[Date Prev][Date Next][Thread Prev][Thread Next][Date Index][Thread Index]

Re: [MirageOS-devel] Parallelizing writing to network devices



On 18 December 2014 at 11:01, Masoud Koleini
<masoud.koleini@xxxxxxxxxxxxxxxx> wrote:
>
>> On 17 December 2014 at 18:05, Masoud
>> Koleini<masoud.koleini@xxxxxxxxxxxxxxxx> wrote:
>>>
>>> Thanks Thomas for the great tracing tool!
>>>
>>> The following is a very simple unikernel with two interfaces, which
>>> redirects frames captured on the first interface to the second one:
>>>
>>> https://github.com/koleini/parallelisation
>>>
>>> The problem is that in a high packet rate (more than 80'000 pps), switch
>>> stops receiving.
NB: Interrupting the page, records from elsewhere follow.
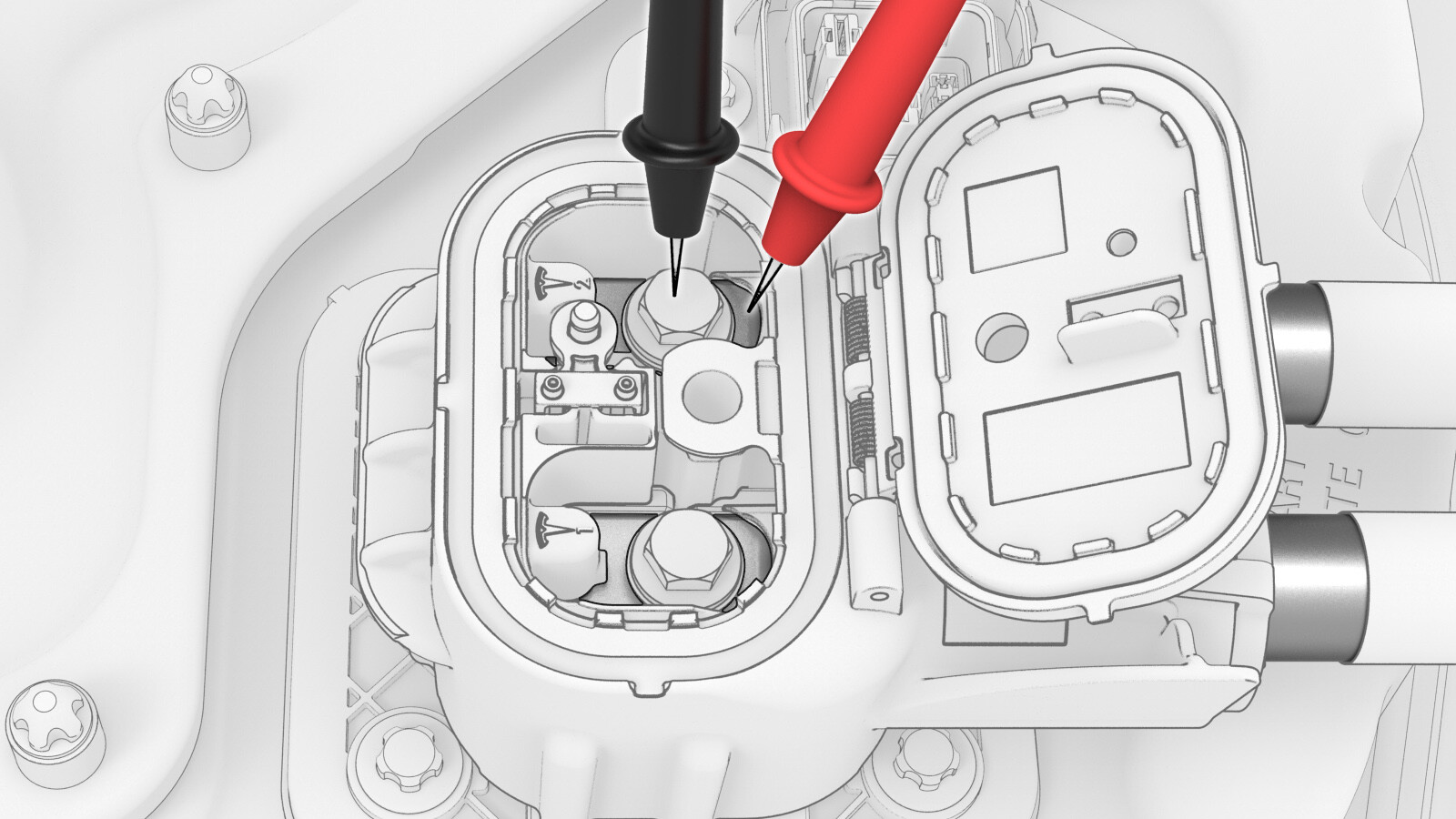 - Use an alcohol wipe to clean the charge port busbar connector lead contact surfaces of residual Penetrox, and allow at least one minute to dry.
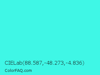 CIELab 88.587,-48.273,-4.836 Color is a light cyan color and the nearest color is Turquoise #40e0d0. Hex code #3ff7e6 and RGB value is rgb(63,247,230). In RGB color space, this color is composed of 25% red, 97% green, 90% blue, In CMYK color space, this color is composed of 74% cyan, 0% magenta, 7% yellow , 3% black , In HSL color space, this color has a hue angle of 174° , 92% saturation and 61% lightness.
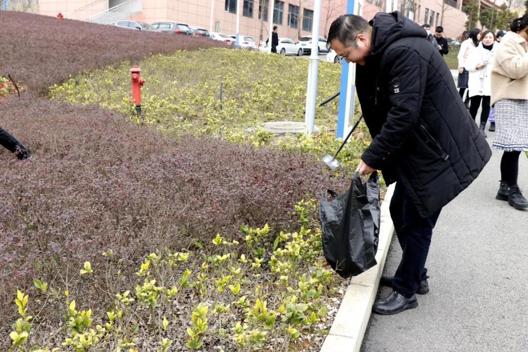 “志愿红”扮靓文明校园,文明风润物无声。当天中午,在学院教学楼、公共广场、学生宿舍楼、草坪绿地等校园文明行志愿服务活动现场,300余名志愿者们经过简单分工,对烟头、果皮、塑料袋、废弃物等垃圾进行地毯式清理。春日暖阳沐浴下,机关第一支部、第二支部、第三支部、第四支部的党旗和各系志愿服务队的红旗随风飘扬,校园的风景格外靓丽。
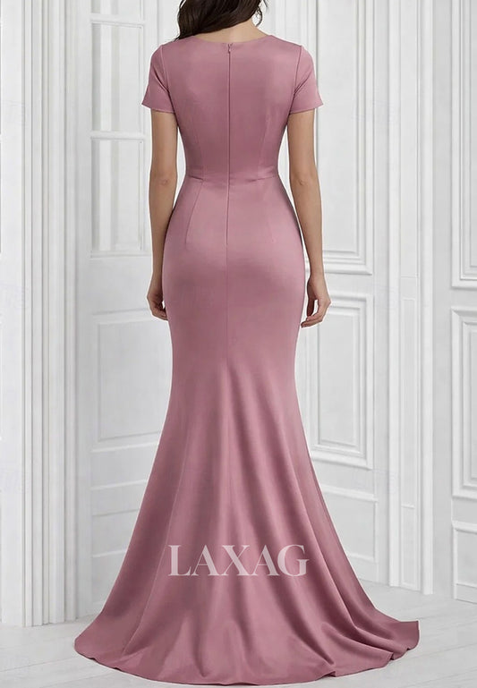 V-Neck Half-Sleeves Ruffled Satin Floor-Length Simple Mermaid Evening Dress with Sweep Train
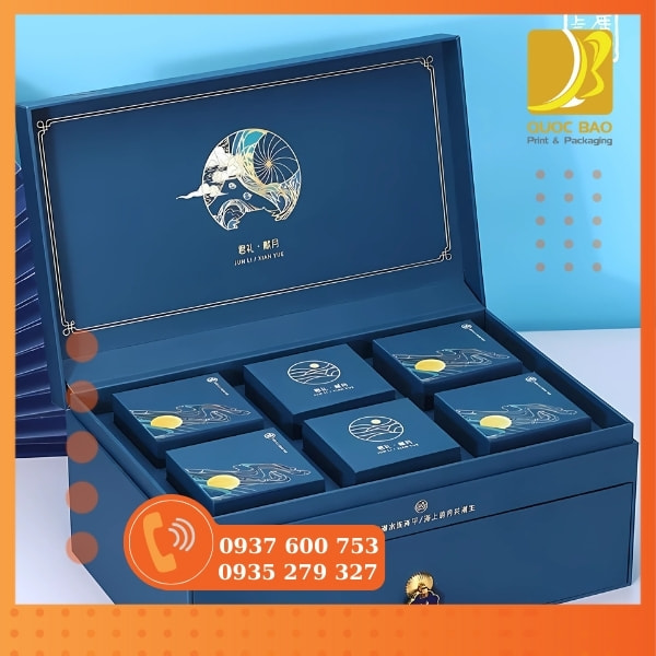 In hộp cứng cao cấp cho các sản phẩm bánh Trung Thu cao cấp. Hộp này không chỉ đẹp mà còn mang đến sự bảo vệ tốt nhất cho bánh.

The goal is to spot the problem and enhance the
>>> throughput
>>> of Mirage netif.
>>
>> I don't know if this is the problem, but in the code, I see you do:
>>
>>    listen if1 if2
>>    >> (forward_thread if2)
>>
>> This ignores the result from listen, so if the listen thread later
>> fails then the error will be discarded. I'd try something like this:
>>
>>    Lwt.choose [
>>      listen if1 if2;
>>      forward_thread if2
>>    ]
>>
>> (and lose the "return" at the end of listen)
>
>
> listen calls netif listen function, which only sets receive_callback on the
> interface (used by poll_thread). It looks that failing poll_thread is not
> monitored in netif code.

Hmm. You're right. Does it show anything if you catch errors there?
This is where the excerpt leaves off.